# Just getting started



## Edward Greene (Feb 23, 2013)

I got my first stand last year and fell in love with them. I hope i can learn a lot with ya'lls help. I no what your thinking but ( ya'll ) is a word in the south.


----------



## stonecaty (Jan 5, 2013)

It is in pa to


----------



## Rick 1456 (Jun 22, 2010)

Ya'll = youins,,,,,,,


----------



## AmericasBeekeeper (Jan 24, 2010)

Welcome Edward! They's heard it , but bless their little hearts, they cain't conjugate y'all. e.g. y'all, y'alls, yous'alls


----------



## Rader Sidetrack (Nov 30, 2011)

Welcome to Beesource!

>I no what your thinking but ( ya'll ) is a word ...
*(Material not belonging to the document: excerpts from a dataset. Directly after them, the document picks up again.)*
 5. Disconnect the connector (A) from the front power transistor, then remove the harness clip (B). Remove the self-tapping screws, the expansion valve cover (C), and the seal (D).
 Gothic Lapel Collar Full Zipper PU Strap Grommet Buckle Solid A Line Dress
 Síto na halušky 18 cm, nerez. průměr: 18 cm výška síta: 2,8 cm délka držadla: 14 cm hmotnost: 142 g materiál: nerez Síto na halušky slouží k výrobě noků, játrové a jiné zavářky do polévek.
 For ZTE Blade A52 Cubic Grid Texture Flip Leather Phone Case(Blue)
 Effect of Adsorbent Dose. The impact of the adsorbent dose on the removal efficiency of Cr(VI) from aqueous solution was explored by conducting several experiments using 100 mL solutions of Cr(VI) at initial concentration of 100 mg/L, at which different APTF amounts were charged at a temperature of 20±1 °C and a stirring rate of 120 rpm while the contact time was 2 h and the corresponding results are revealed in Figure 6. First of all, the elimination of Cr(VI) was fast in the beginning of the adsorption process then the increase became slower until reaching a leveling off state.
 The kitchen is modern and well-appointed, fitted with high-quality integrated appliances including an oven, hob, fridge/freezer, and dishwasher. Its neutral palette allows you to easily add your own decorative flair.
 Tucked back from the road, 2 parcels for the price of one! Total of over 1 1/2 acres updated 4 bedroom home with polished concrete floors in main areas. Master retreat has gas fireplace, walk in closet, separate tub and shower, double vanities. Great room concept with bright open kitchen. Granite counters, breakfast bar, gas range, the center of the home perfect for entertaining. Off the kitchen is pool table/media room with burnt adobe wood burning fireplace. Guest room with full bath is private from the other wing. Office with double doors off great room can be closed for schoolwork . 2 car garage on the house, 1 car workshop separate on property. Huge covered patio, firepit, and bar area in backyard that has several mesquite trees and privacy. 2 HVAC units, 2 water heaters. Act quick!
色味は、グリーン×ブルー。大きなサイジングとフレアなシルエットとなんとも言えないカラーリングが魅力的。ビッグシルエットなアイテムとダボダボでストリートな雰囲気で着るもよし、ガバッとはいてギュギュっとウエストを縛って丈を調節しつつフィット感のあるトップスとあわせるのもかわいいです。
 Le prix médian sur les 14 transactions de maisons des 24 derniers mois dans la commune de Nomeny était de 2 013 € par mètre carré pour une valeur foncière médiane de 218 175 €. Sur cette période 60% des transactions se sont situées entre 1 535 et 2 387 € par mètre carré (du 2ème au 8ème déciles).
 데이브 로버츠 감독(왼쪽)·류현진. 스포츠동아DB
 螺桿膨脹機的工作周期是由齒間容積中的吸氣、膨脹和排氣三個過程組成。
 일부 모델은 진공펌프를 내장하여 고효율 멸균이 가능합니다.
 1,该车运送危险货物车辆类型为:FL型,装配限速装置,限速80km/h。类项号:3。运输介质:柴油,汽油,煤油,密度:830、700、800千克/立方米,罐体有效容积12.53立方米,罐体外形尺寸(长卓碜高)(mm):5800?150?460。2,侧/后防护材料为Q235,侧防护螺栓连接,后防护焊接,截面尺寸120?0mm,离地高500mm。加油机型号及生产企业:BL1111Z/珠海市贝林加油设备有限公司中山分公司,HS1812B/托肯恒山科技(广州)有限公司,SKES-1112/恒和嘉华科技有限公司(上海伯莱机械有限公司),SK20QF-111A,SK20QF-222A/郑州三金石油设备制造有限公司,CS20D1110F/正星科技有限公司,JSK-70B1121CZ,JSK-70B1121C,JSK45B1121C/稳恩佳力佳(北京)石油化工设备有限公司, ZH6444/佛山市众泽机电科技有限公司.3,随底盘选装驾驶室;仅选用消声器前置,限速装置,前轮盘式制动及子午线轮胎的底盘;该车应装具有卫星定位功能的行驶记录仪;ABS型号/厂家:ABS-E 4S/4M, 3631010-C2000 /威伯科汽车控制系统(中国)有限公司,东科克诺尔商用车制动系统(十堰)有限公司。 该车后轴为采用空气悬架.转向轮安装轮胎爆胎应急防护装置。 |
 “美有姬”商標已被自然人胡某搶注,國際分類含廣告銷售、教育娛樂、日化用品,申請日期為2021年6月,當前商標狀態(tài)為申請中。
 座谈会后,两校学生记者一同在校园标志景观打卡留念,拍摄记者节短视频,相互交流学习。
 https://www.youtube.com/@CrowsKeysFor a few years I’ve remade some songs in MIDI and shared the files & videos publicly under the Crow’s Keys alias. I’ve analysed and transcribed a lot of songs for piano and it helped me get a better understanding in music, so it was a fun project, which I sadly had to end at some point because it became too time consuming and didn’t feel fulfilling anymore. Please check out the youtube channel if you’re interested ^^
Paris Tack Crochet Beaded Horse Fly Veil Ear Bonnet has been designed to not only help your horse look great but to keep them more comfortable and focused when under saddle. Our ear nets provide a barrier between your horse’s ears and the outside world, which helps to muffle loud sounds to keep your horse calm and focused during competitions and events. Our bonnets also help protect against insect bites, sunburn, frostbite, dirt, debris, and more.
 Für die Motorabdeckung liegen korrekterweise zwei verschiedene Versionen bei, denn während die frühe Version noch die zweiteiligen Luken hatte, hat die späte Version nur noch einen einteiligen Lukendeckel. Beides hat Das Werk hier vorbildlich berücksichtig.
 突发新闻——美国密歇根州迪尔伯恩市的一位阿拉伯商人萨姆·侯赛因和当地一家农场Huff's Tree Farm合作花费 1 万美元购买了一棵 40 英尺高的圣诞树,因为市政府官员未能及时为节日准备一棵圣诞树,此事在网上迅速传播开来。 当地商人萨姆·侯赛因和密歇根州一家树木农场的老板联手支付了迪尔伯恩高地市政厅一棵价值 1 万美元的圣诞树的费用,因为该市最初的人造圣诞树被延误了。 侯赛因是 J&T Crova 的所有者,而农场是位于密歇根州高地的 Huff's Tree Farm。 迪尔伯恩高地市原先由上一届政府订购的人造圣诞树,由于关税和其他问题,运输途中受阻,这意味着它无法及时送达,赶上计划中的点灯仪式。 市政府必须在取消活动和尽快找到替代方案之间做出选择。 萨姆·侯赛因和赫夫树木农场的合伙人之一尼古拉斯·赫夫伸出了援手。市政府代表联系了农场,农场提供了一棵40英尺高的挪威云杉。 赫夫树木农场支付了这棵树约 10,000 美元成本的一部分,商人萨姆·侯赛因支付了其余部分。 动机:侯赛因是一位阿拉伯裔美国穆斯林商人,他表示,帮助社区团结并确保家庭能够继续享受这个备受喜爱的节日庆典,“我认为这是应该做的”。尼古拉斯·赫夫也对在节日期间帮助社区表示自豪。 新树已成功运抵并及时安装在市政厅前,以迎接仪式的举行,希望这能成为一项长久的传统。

I _know _what yer sayin! :lookout:


----------



## Lazer128 (Dec 15, 2012)

Welcome to the site! Know any tractor salesmen in Lenoir? I bought my Massey Ferguson from there. Never been there cause it was delivered to me me here in Upstate SC. Great guys!


----------



## Edward Greene (Feb 23, 2013)

Yeah, they are some good ol boys. I don't no them personaly but my dad trades with them quite a bit. If they an't got they will help you find it.


----------